TASK INPUT.
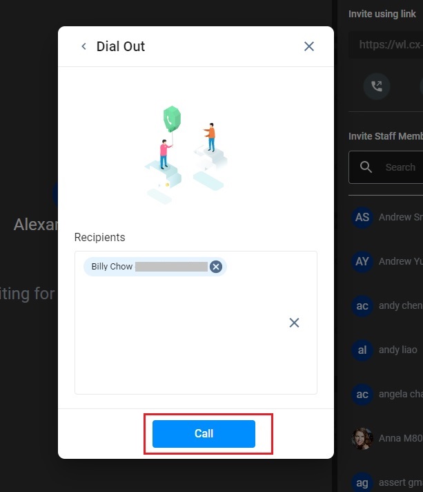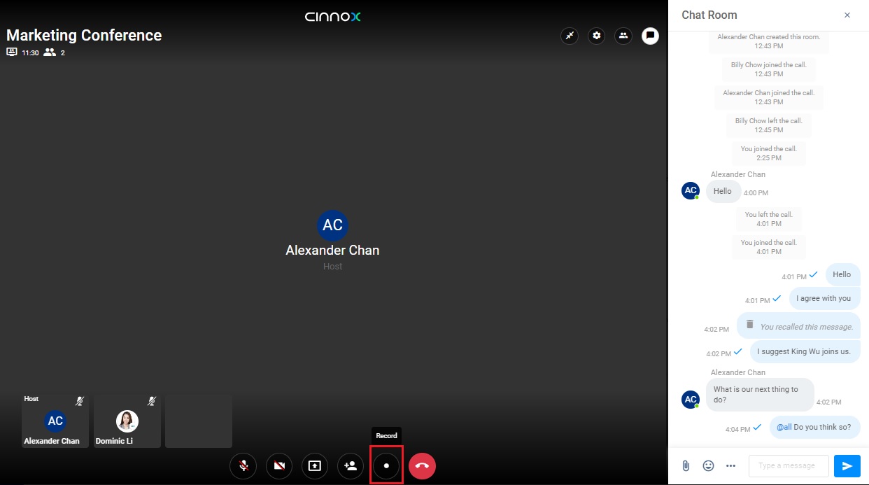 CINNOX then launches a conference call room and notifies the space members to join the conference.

...

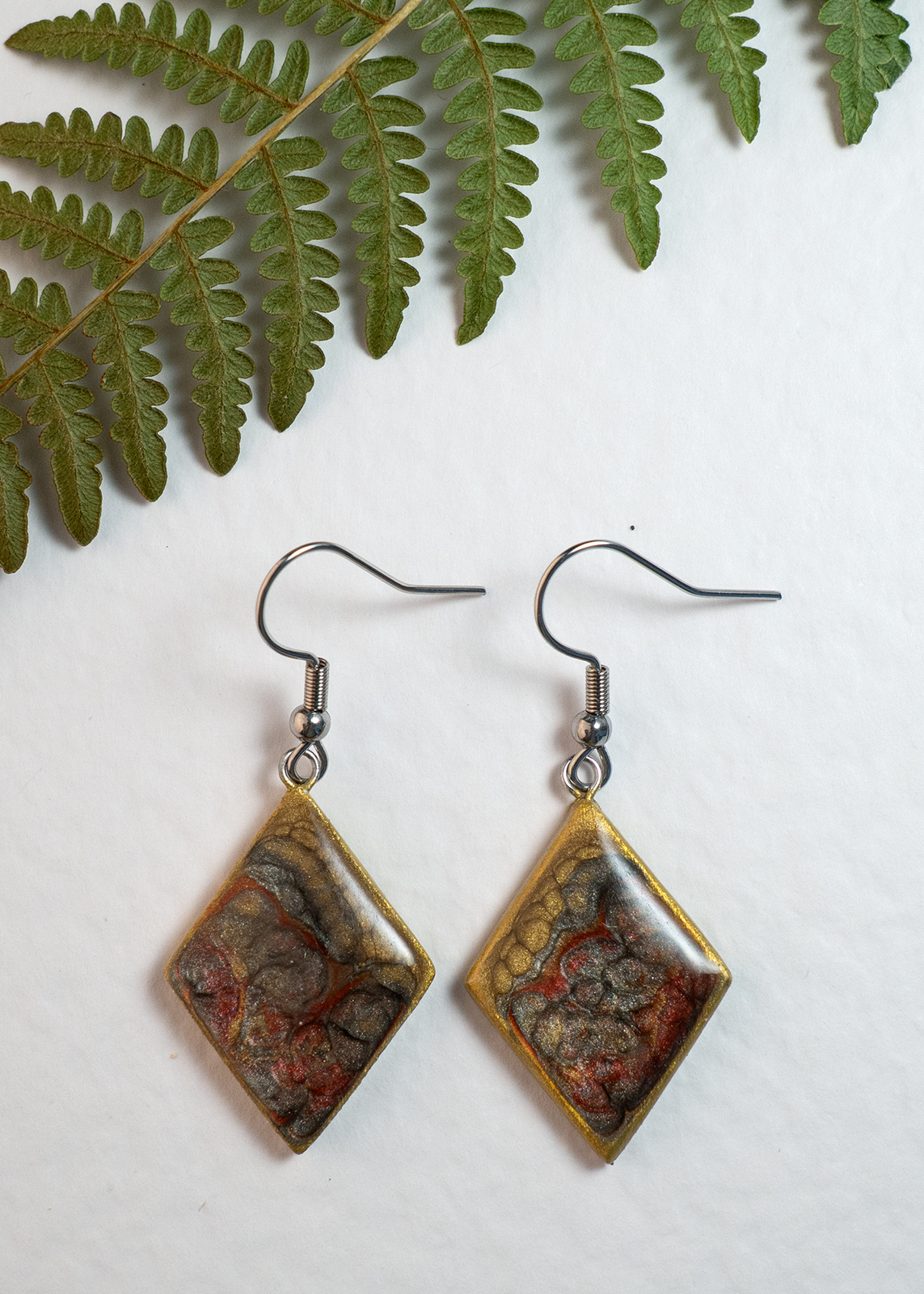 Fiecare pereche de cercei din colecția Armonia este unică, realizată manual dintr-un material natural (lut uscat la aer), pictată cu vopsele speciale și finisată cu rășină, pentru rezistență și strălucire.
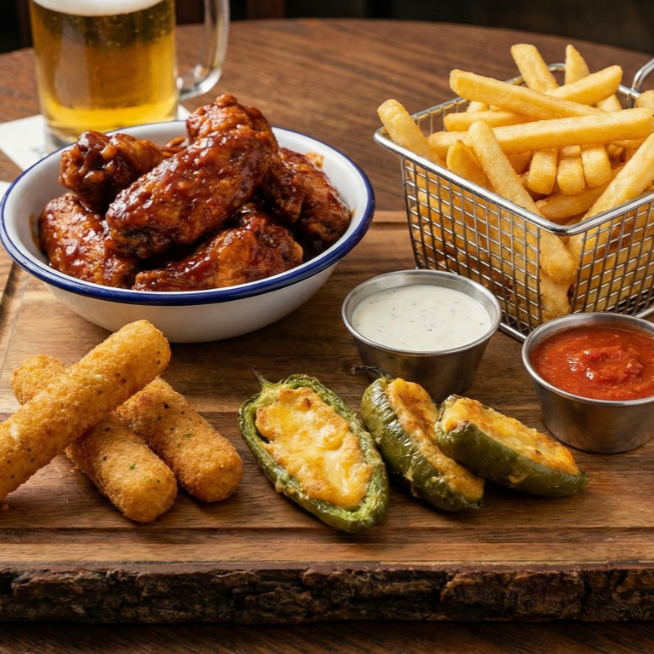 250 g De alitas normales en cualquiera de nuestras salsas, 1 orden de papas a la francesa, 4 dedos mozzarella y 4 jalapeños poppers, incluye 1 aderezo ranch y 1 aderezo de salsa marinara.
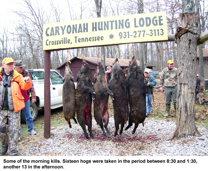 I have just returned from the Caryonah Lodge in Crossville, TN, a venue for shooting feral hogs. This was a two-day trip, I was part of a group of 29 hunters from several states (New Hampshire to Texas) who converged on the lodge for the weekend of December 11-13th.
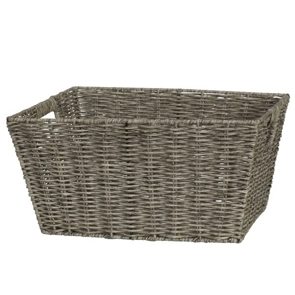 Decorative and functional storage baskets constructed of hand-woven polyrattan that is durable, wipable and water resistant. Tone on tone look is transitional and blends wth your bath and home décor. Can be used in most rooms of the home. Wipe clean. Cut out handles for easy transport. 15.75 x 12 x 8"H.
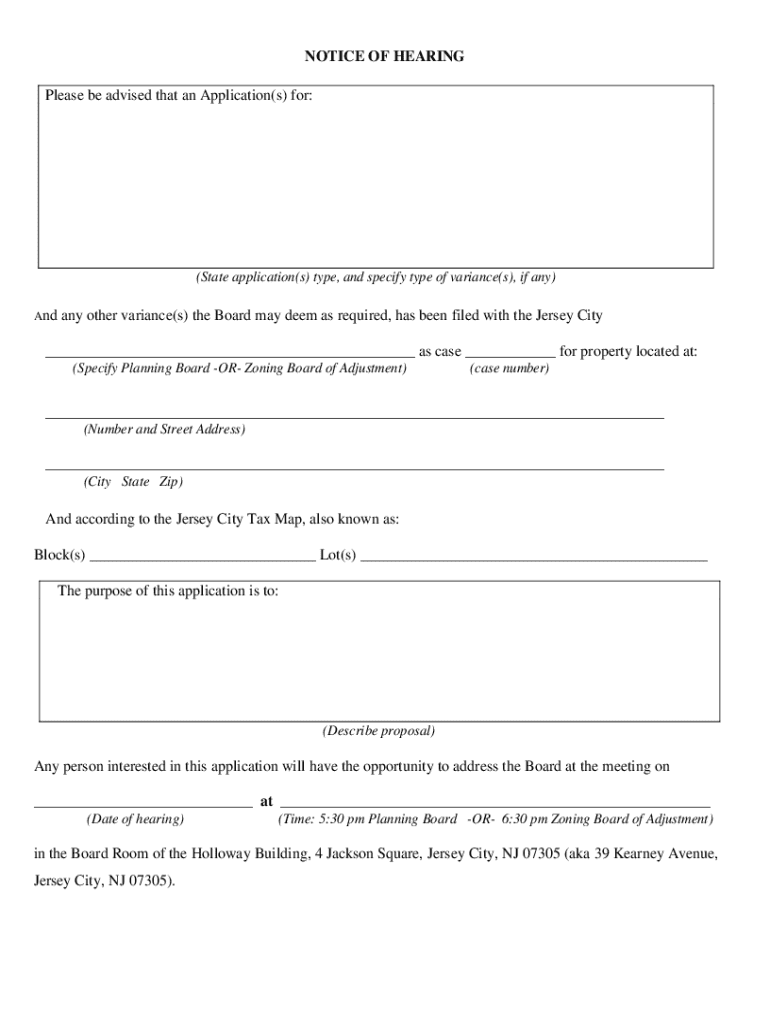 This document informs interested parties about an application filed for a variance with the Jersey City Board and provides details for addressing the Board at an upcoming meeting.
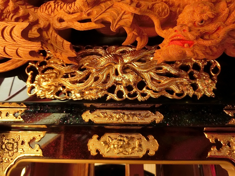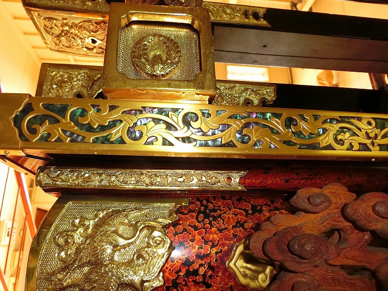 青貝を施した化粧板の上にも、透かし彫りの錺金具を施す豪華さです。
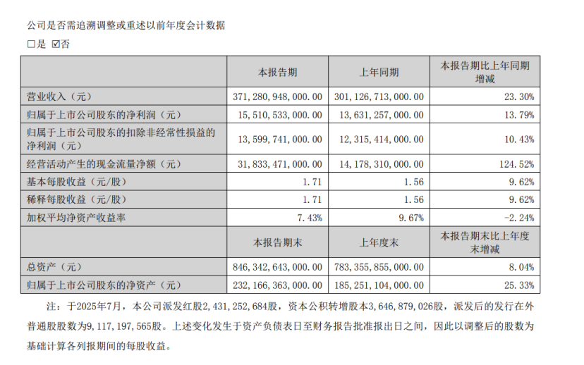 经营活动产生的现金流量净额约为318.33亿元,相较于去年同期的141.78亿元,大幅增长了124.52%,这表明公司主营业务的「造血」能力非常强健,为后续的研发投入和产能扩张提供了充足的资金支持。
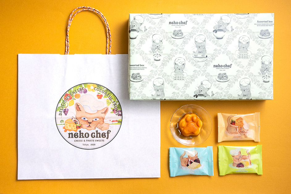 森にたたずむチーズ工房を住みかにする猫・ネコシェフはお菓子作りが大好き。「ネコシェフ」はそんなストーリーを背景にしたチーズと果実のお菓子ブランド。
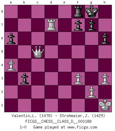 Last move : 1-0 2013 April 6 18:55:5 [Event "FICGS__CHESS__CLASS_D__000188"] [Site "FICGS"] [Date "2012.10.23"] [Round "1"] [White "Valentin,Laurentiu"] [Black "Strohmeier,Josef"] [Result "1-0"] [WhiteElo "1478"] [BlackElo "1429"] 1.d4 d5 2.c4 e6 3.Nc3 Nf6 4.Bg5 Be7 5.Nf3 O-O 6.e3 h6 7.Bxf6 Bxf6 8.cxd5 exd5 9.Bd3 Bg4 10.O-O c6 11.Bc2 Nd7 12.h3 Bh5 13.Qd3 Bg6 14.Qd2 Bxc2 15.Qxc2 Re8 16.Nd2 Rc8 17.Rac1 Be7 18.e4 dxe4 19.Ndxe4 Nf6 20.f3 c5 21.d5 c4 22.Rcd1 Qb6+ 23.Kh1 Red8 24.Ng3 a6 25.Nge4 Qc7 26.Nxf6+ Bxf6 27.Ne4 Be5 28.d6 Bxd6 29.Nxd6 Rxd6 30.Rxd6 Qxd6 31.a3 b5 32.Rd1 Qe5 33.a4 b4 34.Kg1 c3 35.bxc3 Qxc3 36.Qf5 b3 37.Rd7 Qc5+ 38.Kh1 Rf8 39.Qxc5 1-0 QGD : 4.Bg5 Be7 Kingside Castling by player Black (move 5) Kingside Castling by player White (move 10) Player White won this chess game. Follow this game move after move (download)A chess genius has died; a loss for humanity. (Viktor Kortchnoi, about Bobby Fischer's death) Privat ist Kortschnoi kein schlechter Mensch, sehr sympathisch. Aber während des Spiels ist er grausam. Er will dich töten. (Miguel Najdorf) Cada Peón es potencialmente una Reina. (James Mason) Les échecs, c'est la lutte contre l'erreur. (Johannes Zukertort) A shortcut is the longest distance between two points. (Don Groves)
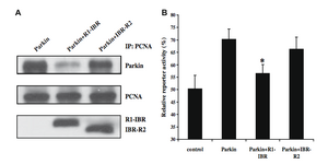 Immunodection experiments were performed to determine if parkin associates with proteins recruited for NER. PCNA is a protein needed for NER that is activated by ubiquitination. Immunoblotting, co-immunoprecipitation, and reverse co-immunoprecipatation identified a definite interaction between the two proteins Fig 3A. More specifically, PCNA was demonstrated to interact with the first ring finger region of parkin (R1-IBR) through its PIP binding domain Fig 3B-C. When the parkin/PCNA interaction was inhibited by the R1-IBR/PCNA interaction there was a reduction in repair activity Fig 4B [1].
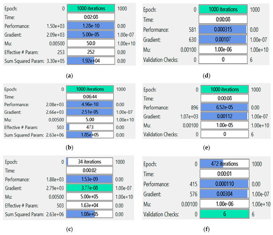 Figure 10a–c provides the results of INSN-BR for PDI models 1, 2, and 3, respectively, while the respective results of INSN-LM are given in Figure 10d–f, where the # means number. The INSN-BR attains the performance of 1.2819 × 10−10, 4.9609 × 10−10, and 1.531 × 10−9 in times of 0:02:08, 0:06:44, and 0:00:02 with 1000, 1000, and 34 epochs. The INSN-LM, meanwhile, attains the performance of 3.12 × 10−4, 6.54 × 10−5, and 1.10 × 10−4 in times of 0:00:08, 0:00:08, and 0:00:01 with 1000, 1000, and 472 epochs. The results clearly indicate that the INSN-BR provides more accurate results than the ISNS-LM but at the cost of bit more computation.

--

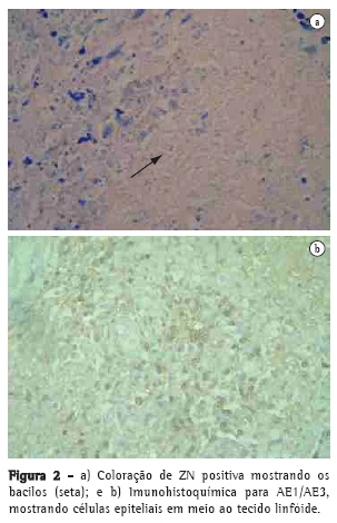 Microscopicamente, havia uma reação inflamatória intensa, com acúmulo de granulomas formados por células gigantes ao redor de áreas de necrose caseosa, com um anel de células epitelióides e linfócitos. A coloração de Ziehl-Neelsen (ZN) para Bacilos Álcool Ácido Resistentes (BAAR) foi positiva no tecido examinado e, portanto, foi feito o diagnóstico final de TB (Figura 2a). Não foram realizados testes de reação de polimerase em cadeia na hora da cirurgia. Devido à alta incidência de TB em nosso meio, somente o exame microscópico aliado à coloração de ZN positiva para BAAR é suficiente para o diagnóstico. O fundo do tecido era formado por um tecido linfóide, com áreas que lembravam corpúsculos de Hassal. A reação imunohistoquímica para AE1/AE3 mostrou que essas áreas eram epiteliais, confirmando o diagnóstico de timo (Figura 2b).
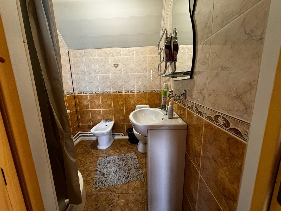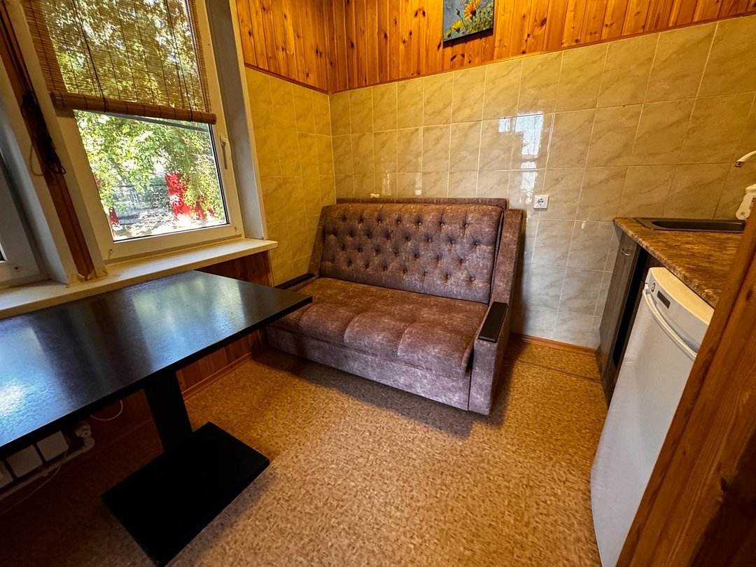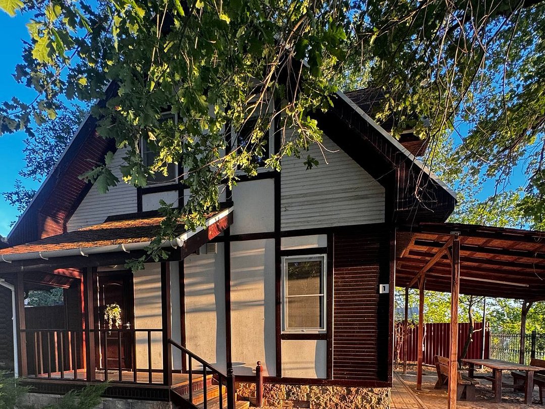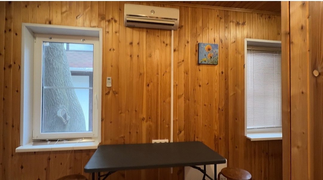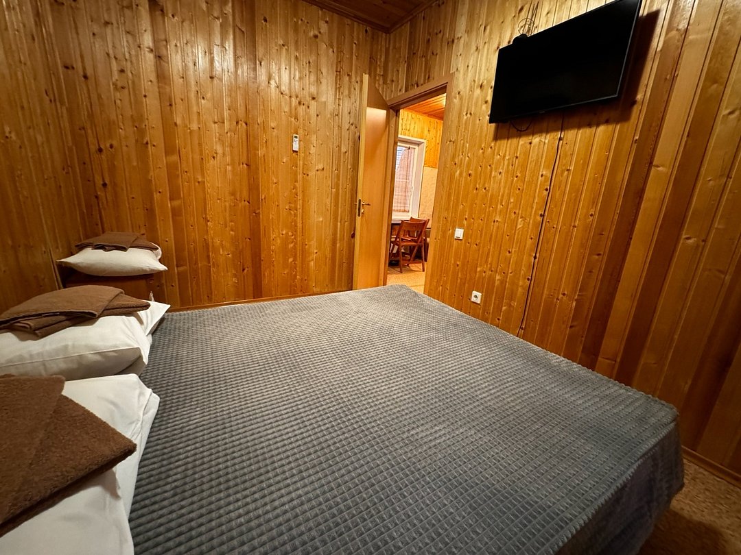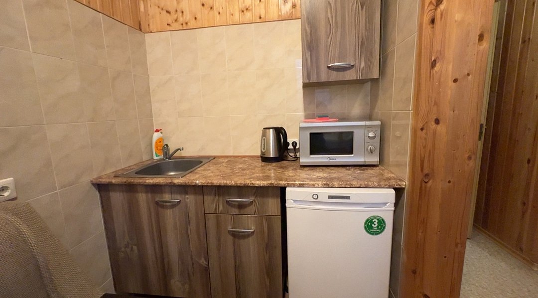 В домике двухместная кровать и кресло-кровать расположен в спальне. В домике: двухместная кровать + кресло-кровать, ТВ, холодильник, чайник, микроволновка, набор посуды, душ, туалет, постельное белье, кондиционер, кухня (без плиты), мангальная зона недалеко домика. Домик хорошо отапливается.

TASK TO CARRY OUT. In the entries above, find the line containing "Fiecare pereche de" and the line containing "I have just", then copy both and every line between them exactly, without any picture.

WORKED SOLUTION.
 Fiecare pereche de cercei din colecția Armonia este unică, realizată manual dintr-un material natural (lut uscat la aer), pictată cu vopsele speciale și finisată cu rășină, pentru rezistență și strălucire.
 250 g De alitas normales en cualquiera de nuestras salsas, 1 orden de papas a la francesa, 4 dedos mozzarella y 4 jalapeños poppers, incluye 1 aderezo ranch y 1 aderezo de salsa marinara.
 I have just returned from the Caryonah Lodge in Crossville, TN, a venue for shooting feral hogs. This was a two-day trip, I was part of a group of 29 hunters from several states (New Hampshire to Texas) who converged on the lodge for the weekend of December 11-13th.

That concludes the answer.